Emprender una “economía de la dicha” implica aborrecer de toda abstracción, de toda separación de las cosas, los seres y los hechos, de sus causas esenciales, eficientes y dichosas. Aborrecer de toda esencial naturaleza que no proclame al apetito de dicha como su motor esencial y que no decrete a la necesidad o compulsión como motor de lo vivo, definitivamente alejada de toda voluntad o libre arbitrio. La pulsión vital es dichosa, la compulsión vital es el apetito de dicha, la necesidad de perseverar en la existencia y la tristeza es el instrumento del poder que promueve la muerte prematura.

Las criaturas humanas perseveran en la dicha porque esa es su necesidad, su compulsión, su naturaleza y cuando la existencia es desdichada apelan a todos los recursos de la imaginación, que no se somete a leyes ni códigos, por fuera de su condición esencial.

El poder en la cultura y su ética perversa, somete y doblega la potencia de las criaturas, el dinero y las finanzas imperan en un orden general de privilegios y disparidad. La comunidad desaparece tajeada por la inequidad y aborreciendo de “lo común” fragmenta a la multitud. Como la neurosis, que consume en un inusitado despilfarro la energía vital individual, las políticas perversas gastan mucho más de lo que tienen en sembrar la desdicha colectiva. Una economía neurótica que sólo se revierte con el sano y ahorrativo recurso de sembrar la dicha “común”. Si hay perversión en los individuos, hay políticas perversas de las que son producto, exceptuando los poco frecuentes casos de perversiones de origen biológico, que resultan para nuestro común entendimiento, un misterio y sólo son la excepción que justifica la regla.

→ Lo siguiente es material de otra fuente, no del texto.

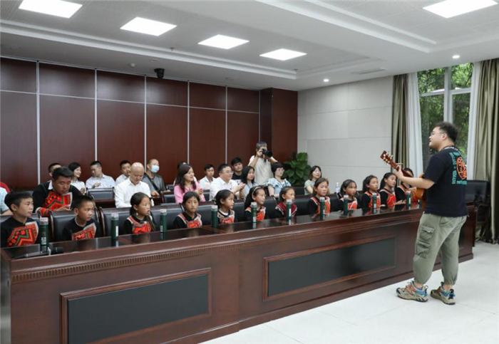 现场活动中,主持人邀请每位小朋友依次登台,介绍自己的名字、年龄、兴趣爱好等基本情况。大家共同聆听了蜀道实业公司一名同样来自大凉山的职工讲述他的成长经历、求学生涯和心路历程,勉励孩子们认真学习、开拓眼界,努力走出大山、拥抱世界。随后,公司组织开展了趣味小游戏和歌曲联唱,师生和家长代表们一起参与、其乐融融,在欢快愉悦的氛围中将活动推向高潮。

Aquello que no supo ver Hobbes y que expresó claramente Spinoza, es que la potencia del hombre como clara expresión de su esencia, no es otra cosa que apetito de dicha, expresión del deseo, tendencia a perseverar en la existencia, que alejados de toda voluntad y libre arbitrio, configuran su única libertad. El apetito de dicha surge de la dicha innata, de la composición dichosa por la cual somos echados a la existencia, que como condición esencial de la concepción, persevera inmanente en lo concebido y existente.

Alimentar la dicha de las criaturas es “domesticarlas”, “familiarizarlas”, hacerlas familia en su verdadera acepción, “conjunto de criados y crianzas”, que comulgando en la dicha no necesiten competir por ella. Hay recursos sobrantes en el mundo para que todas las criaturas sean dichosas, para brindar a cada una la dicha que necesita, todo argumento que lo niegue trabaja para sostener el actual estado de cosas. Los recursos necesarios son muy menores que aquellos que el poder en la cultura invierte actualmente para sostener la inequidad, la desigualdad, la inadecuación y la desdicha.